• [Try it]: Reproduce the listing in full, exactly as written, but without images.

• [Supplied information]:
|---|

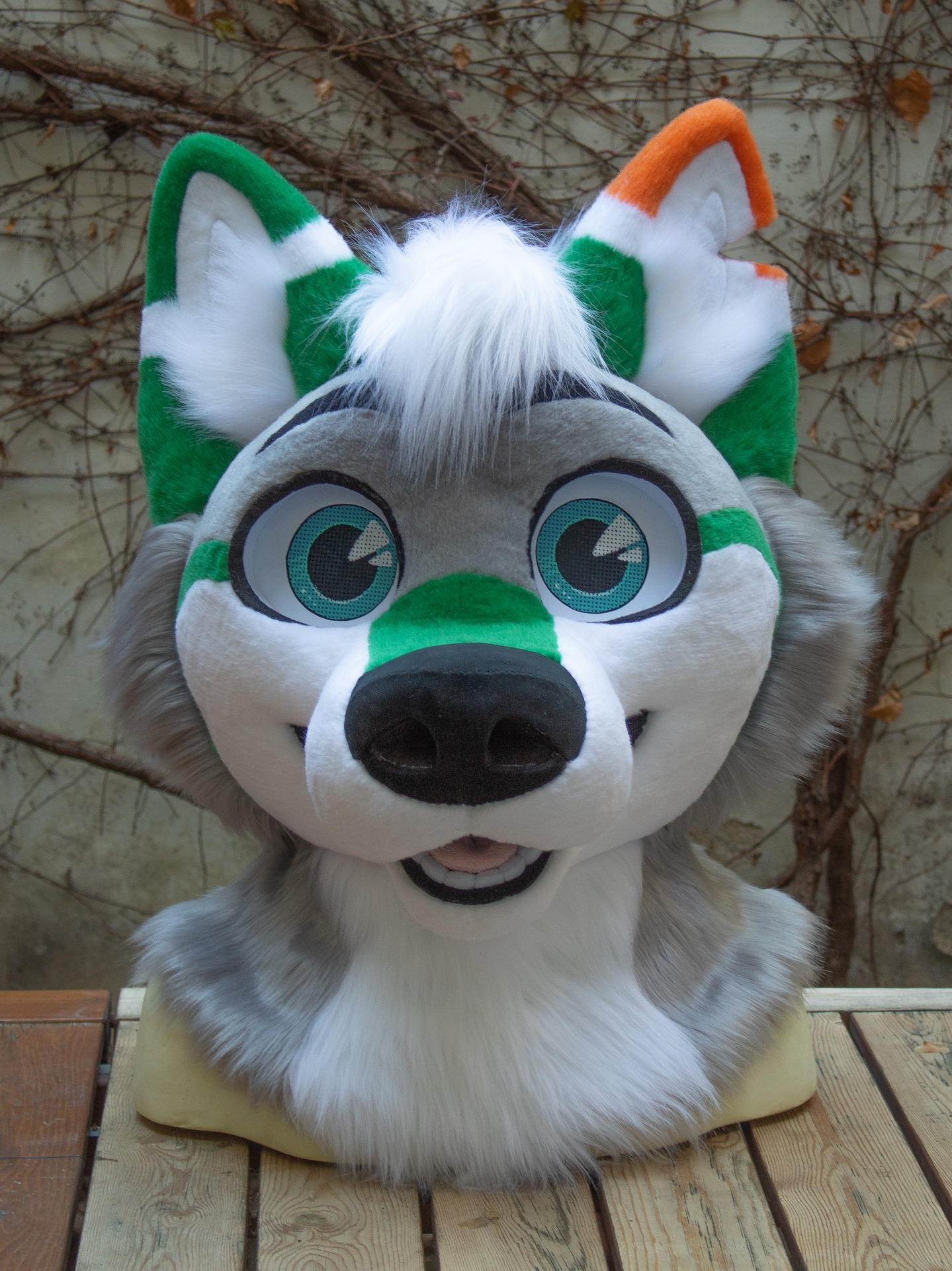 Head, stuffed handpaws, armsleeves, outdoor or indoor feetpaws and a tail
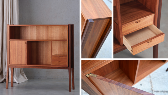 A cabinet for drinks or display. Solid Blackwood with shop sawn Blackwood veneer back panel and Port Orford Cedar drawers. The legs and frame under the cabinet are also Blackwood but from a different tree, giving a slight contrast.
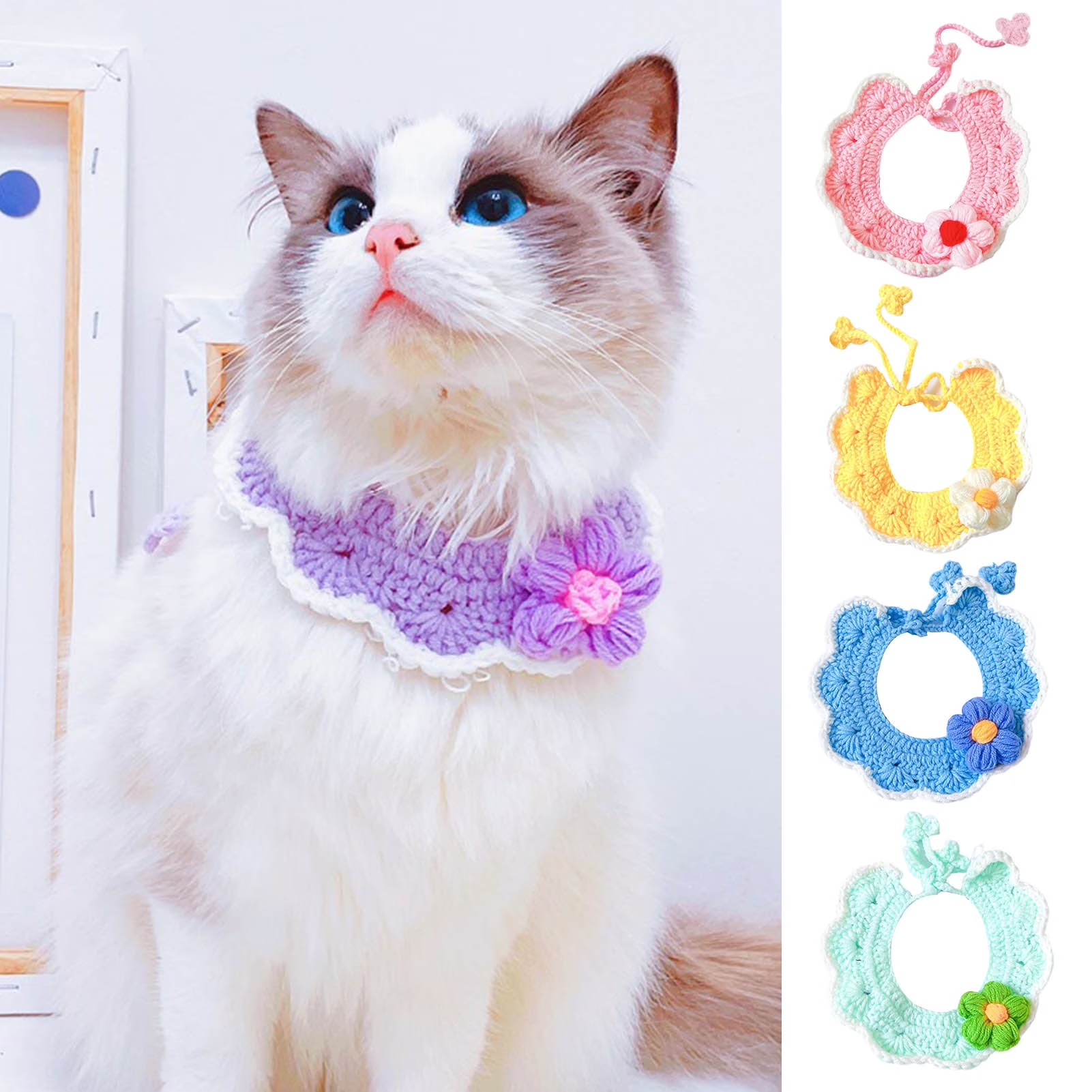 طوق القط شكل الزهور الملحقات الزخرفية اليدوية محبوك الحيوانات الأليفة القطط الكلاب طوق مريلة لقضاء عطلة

|---|

• [Answer to this task]:
 Head, stuffed handpaws, armsleeves, outdoor or indoor feetpaws and a tail
 A cabinet for drinks or display. Solid Blackwood with shop sawn Blackwood veneer back panel and Port Orford Cedar drawers. The legs and frame under the cabinet are also Blackwood but from a different tree, giving a slight contrast.
 طوق القط شكل الزهور الملحقات الزخرفية اليدوية محبوك الحيوانات الأليفة القطط الكلاب طوق مريلة لقضاء عطلة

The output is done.